DAVIES: So you can treat individual symptoms. And you hear sometimes people
say, well, you know, the symptoms are there for a reason. That's your body
fighting the infection. And if you treat the symptoms, you might actually be
prolonging the duration of the cold. Is that true?

Ms. ACKERMAN: Not from what I understand from the experts. The advice that I
heed is advocated by Jack Gwaltney, who studied the common cold for 40 years,
and he's arguably one of the world's foremost experts.

And what he recommends is taking two single-ingredient drugs every 12 hours.
And you start at the earliest sign of a cold, that sort of scratchy throat, and
you continue until your symptoms are clear.

And the two drugs that he suggests taking are, first, a non-steroidal anti-
inflammatory drug like ibuprofen or naproxen, something like that. Then that
helps to ease your, that sense of malaise and cough and sore throat.

And he also suggests taking an antihistamine. And the one that he suggests is
the older, they're called first-generation antihistamines, the kind that make
you drowsy like Benadryl or Chlor-Trimeton. These are the sedating types of
antihistamines. And those will help relieve runny nose and sneezing.

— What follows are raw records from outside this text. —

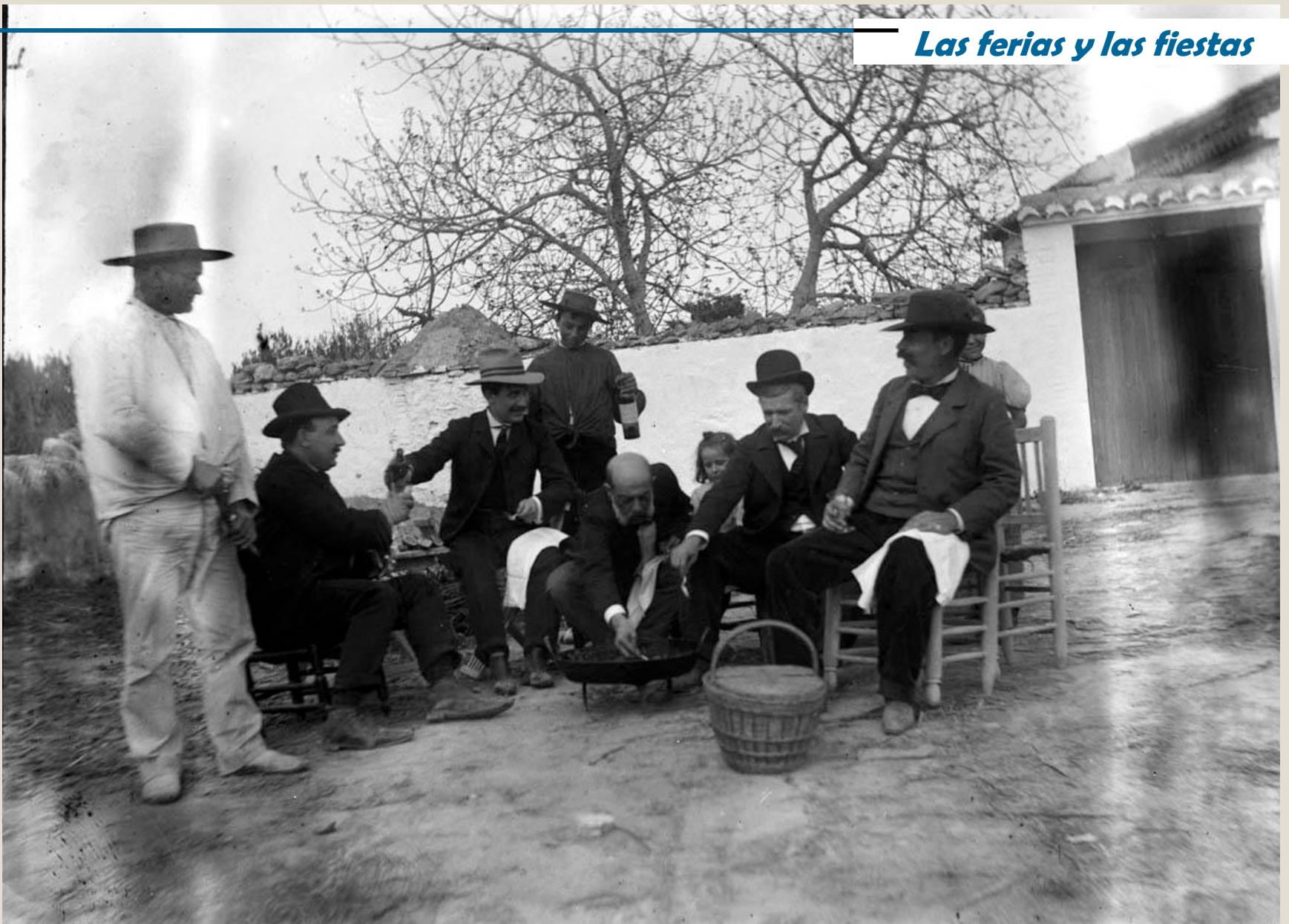
Merienda en la masada de burgueses, a principio de siglo XX en Villastar.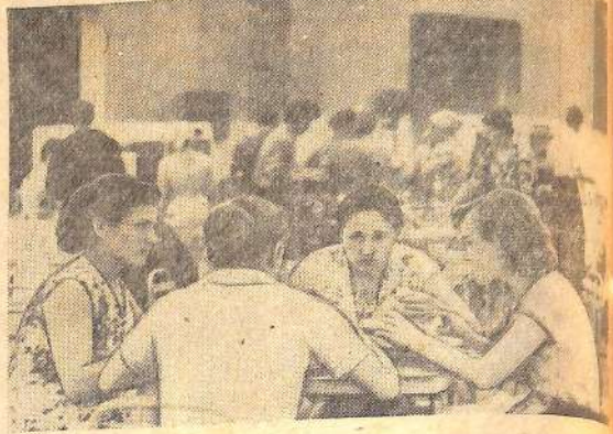
Хороший подарок получили жители поселка Сазанлей. Для них открылась новая столовая. В ней большой обеденный зал, самообслуживание. На снимке: обедают работники комбината бытового обслуживания.

Тревожные сигналы! Имн должен заинтересоваться партийно-государственный контроль, пресечь безобразия и наказать виновников.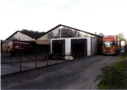
Een transport wordt geladen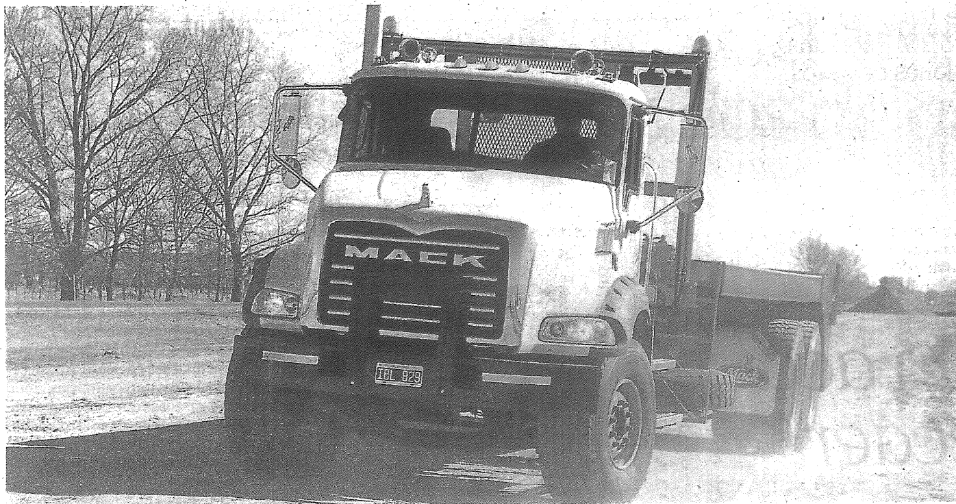
La automotriz tendrá un local en San Juan y analiza nuevas locaciones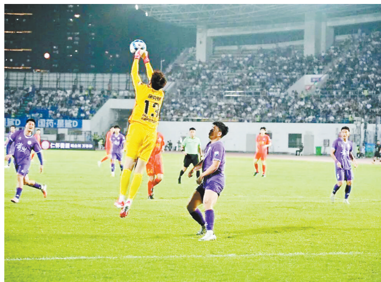
1场闽超队伍与台湾地区城市球队的专项交流赛,聚焦两岸体育深度合作。

系列交流活动将安排在赛事中期窗口期及总决赛结束后开展,同步配套相关交流互动活动,让两岸同胞以球交友、以情连心,深度互学互鉴足球文化,厚植两岸家国情怀与同胞情谊。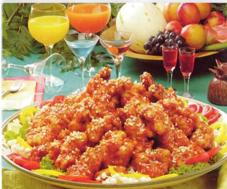
Dak Kang Jung : cake make from chicken with sauce (kore usulü soslu tavuk keki) 20YTL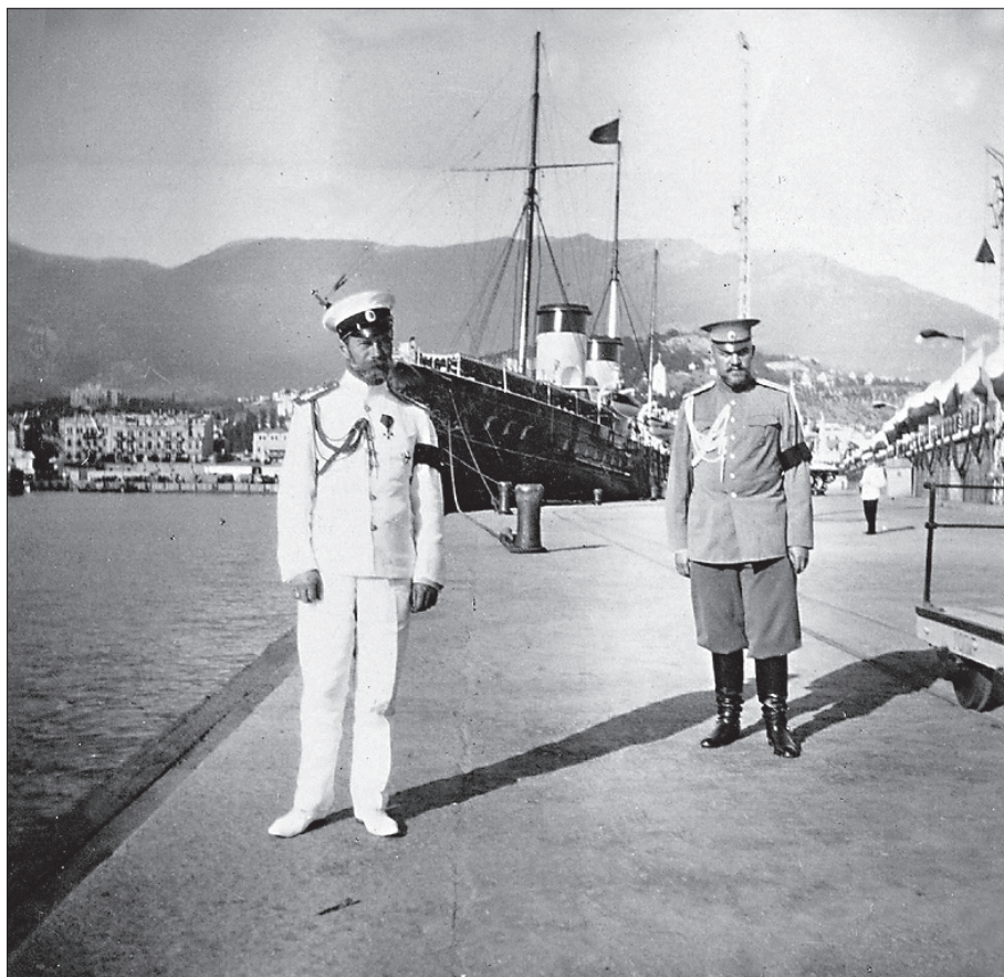
Император Николай II. Ялта. 1910-е гг.

«Не хочу здесь богословствовать о царской власти, скажу только, что это чувство, эта любовь родилась в душе моей внезапно, молниеносно, при встрече Государя в Ялте, кажется, в 1909 году. Когда я его увидел (единственный раз в жизни) на набережной, я почувствовал, что и Царь несет свою власть, как крест Христов, и что повиновение ему тоже может быть крестом Христовым во имя Его. В душе моей, как яркая звезда, загорелась идея священной царской власти, и при свете этой идеи по-новому загорелись и засверкали, как самоцветы, черты русской истории; там, где я раньше видел пустоту, ложь, азиатчину, загорелась божественная идея власти Божией милостью, а не народным произволением. Религиозная идея демократии была низвергнута во имя теократии в образе царской власти» [8, 143 – 144].

It's important to note that the newer antihistamines, such as Claritin, which
are really designed for allergies, do not have this beneficial effect on the
cold.

But taking those two drugs, the anti-inflammatory drug, you know, most of us
know them as pain relievers, and these older antihistamines, it will ease your
symptoms. And also, it limits the buildup of nasal fluid, which can actually
lead to secondary infections. If you have too much nasal fluid, sinusitis is a
very common complication.

I also use a saltwater gargle to relieve sore throat and those nice lemon-mint
throat lozenges, which I actually think help relieve cough. These things all -
they make you feel better while you're getting better. They don't actually
shorten the duration of your cold. They're not curing you. They're just making
you feel better while your body gets you better.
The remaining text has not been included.